TASK PROMPT: Please repeat the lines below exactly. Begin with the line containing "τα μπαλόνια ξεφούσκωτα." and go on through the line containing "Ironiquement, malgré sa".

THE DATA:

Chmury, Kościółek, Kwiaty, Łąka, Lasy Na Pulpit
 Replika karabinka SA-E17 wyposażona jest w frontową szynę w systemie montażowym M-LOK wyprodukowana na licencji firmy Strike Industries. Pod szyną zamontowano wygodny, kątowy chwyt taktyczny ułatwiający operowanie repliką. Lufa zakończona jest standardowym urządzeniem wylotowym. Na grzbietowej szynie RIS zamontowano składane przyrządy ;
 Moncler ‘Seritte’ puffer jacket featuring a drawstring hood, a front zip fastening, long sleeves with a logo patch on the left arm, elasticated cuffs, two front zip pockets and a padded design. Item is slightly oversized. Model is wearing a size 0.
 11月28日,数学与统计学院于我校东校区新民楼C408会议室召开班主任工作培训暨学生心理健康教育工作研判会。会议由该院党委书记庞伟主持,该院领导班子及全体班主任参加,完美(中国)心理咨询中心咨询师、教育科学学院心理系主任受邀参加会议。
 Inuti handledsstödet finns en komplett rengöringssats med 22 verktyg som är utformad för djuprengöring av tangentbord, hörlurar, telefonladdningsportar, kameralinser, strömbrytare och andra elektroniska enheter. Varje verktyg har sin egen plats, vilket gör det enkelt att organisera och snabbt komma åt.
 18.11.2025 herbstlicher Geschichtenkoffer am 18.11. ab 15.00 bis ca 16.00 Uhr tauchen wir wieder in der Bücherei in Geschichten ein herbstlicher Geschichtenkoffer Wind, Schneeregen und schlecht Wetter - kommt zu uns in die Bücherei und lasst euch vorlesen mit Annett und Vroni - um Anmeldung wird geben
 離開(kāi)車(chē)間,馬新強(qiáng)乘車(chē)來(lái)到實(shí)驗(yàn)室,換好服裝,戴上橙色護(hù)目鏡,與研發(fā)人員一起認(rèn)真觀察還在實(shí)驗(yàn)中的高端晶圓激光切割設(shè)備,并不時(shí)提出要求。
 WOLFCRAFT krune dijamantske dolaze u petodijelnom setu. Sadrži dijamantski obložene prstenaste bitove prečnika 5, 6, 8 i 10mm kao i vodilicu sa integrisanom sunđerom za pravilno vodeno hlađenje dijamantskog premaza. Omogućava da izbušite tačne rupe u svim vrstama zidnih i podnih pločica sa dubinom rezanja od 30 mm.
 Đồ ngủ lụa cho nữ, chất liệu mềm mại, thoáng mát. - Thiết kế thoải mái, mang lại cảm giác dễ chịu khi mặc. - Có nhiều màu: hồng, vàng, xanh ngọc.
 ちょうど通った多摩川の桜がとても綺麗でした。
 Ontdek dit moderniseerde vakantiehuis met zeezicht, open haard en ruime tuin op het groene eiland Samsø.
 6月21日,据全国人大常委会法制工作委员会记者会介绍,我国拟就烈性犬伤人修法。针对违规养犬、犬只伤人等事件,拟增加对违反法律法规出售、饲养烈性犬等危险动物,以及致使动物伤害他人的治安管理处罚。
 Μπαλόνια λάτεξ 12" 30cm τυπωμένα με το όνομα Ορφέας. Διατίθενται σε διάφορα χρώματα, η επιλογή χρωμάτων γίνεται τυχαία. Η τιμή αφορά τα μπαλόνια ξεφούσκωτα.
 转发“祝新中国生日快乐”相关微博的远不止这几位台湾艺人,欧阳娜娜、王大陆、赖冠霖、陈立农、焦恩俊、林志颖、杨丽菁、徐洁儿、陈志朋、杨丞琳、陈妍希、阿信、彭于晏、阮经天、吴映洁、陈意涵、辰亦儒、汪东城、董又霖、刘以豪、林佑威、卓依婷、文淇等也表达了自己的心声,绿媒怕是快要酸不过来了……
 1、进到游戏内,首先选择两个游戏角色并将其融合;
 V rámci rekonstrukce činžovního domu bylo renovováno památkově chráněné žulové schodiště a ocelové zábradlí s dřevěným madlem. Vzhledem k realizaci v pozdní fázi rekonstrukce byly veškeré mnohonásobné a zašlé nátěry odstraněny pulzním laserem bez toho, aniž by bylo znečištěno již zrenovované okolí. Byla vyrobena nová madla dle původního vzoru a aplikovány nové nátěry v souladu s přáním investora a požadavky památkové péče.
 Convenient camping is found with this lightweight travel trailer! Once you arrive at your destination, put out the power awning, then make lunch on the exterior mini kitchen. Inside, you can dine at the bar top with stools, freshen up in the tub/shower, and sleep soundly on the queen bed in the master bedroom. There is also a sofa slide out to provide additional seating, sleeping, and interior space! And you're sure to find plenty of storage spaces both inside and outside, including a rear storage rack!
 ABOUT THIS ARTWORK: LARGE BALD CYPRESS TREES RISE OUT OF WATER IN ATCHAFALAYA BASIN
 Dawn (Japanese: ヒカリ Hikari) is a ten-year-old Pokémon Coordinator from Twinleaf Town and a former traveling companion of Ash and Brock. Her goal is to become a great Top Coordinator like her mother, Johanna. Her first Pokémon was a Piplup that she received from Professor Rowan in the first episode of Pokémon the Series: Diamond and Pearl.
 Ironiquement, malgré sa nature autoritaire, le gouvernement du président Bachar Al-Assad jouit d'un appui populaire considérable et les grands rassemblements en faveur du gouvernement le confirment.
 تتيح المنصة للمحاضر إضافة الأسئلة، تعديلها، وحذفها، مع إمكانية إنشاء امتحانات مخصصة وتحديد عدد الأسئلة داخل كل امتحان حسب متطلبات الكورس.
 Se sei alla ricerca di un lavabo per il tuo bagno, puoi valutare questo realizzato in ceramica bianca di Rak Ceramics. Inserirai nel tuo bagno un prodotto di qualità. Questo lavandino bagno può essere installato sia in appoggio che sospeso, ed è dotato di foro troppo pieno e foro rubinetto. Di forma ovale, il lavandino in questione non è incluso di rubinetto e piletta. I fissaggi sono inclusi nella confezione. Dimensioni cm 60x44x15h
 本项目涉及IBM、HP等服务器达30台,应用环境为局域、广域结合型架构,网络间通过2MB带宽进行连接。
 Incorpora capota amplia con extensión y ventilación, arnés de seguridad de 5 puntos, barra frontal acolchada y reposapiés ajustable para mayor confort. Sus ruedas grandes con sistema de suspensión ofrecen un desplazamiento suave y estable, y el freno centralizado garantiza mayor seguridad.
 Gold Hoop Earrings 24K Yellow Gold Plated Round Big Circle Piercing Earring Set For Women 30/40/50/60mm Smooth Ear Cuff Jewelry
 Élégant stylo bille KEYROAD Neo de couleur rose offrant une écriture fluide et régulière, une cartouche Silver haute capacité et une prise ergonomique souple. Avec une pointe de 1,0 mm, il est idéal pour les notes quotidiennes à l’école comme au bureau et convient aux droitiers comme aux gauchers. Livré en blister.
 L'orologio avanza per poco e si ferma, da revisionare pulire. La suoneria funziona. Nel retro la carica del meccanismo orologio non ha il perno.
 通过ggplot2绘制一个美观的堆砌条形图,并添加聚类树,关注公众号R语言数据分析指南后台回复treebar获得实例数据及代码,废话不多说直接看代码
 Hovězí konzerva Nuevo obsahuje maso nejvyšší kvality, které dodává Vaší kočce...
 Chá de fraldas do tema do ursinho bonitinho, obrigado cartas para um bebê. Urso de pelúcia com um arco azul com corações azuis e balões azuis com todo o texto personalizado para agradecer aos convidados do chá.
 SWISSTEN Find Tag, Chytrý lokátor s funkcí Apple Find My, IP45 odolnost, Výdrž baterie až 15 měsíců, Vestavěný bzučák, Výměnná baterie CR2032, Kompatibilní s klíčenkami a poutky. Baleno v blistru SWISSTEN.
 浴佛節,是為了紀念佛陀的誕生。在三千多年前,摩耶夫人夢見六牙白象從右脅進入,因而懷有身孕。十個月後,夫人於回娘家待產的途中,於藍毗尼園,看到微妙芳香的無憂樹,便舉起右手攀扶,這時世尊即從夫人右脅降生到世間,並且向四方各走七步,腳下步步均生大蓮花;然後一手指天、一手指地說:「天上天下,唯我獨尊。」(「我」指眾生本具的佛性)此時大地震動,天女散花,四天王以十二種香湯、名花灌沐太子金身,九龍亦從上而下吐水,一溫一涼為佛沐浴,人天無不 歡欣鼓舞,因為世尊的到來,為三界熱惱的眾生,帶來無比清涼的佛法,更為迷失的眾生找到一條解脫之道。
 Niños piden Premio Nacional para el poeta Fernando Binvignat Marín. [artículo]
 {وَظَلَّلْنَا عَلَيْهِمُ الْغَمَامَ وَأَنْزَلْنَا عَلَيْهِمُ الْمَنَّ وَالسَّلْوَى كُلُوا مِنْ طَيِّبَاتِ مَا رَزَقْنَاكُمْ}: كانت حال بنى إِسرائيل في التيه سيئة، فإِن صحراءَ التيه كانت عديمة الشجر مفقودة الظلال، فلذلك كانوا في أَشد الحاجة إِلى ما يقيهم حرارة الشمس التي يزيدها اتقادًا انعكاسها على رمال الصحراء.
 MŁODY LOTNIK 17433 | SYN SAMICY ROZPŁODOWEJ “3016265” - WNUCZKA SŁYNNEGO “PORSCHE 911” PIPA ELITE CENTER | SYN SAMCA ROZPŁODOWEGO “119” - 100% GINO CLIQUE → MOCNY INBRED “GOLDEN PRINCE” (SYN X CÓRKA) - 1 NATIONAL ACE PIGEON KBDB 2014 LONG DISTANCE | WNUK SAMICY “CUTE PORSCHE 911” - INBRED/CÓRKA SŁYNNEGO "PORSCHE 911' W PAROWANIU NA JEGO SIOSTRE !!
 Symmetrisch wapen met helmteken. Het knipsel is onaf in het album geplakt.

OUTPUT FOR THIS TASK:
 Μπαλόνια λάτεξ 12" 30cm τυπωμένα με το όνομα Ορφέας. Διατίθενται σε διάφορα χρώματα, η επιλογή χρωμάτων γίνεται τυχαία. Η τιμή αφορά τα μπαλόνια ξεφούσκωτα.
 转发“祝新中国生日快乐”相关微博的远不止这几位台湾艺人,欧阳娜娜、王大陆、赖冠霖、陈立农、焦恩俊、林志颖、杨丽菁、徐洁儿、陈志朋、杨丞琳、陈妍希、阿信、彭于晏、阮经天、吴映洁、陈意涵、辰亦儒、汪东城、董又霖、刘以豪、林佑威、卓依婷、文淇等也表达了自己的心声,绿媒怕是快要酸不过来了……
 1、进到游戏内,首先选择两个游戏角色并将其融合;
 V rámci rekonstrukce činžovního domu bylo renovováno památkově chráněné žulové schodiště a ocelové zábradlí s dřevěným madlem. Vzhledem k realizaci v pozdní fázi rekonstrukce byly veškeré mnohonásobné a zašlé nátěry odstraněny pulzním laserem bez toho, aniž by bylo znečištěno již zrenovované okolí. Byla vyrobena nová madla dle původního vzoru a aplikovány nové nátěry v souladu s přáním investora a požadavky památkové péče.
 Convenient camping is found with this lightweight travel trailer! Once you arrive at your destination, put out the power awning, then make lunch on the exterior mini kitchen. Inside, you can dine at the bar top with stools, freshen up in the tub/shower, and sleep soundly on the queen bed in the master bedroom. There is also a sofa slide out to provide additional seating, sleeping, and interior space! And you're sure to find plenty of storage spaces both inside and outside, including a rear storage rack!
 ABOUT THIS ARTWORK: LARGE BALD CYPRESS TREES RISE OUT OF WATER IN ATCHAFALAYA BASIN
 Dawn (Japanese: ヒカリ Hikari) is a ten-year-old Pokémon Coordinator from Twinleaf Town and a former traveling companion of Ash and Brock. Her goal is to become a great Top Coordinator like her mother, Johanna. Her first Pokémon was a Piplup that she received from Professor Rowan in the first episode of Pokémon the Series: Diamond and Pearl.
 Ironiquement, malgré sa nature autoritaire, le gouvernement du président Bachar Al-Assad jouit d'un appui populaire considérable et les grands rassemblements en faveur du gouvernement le confirment.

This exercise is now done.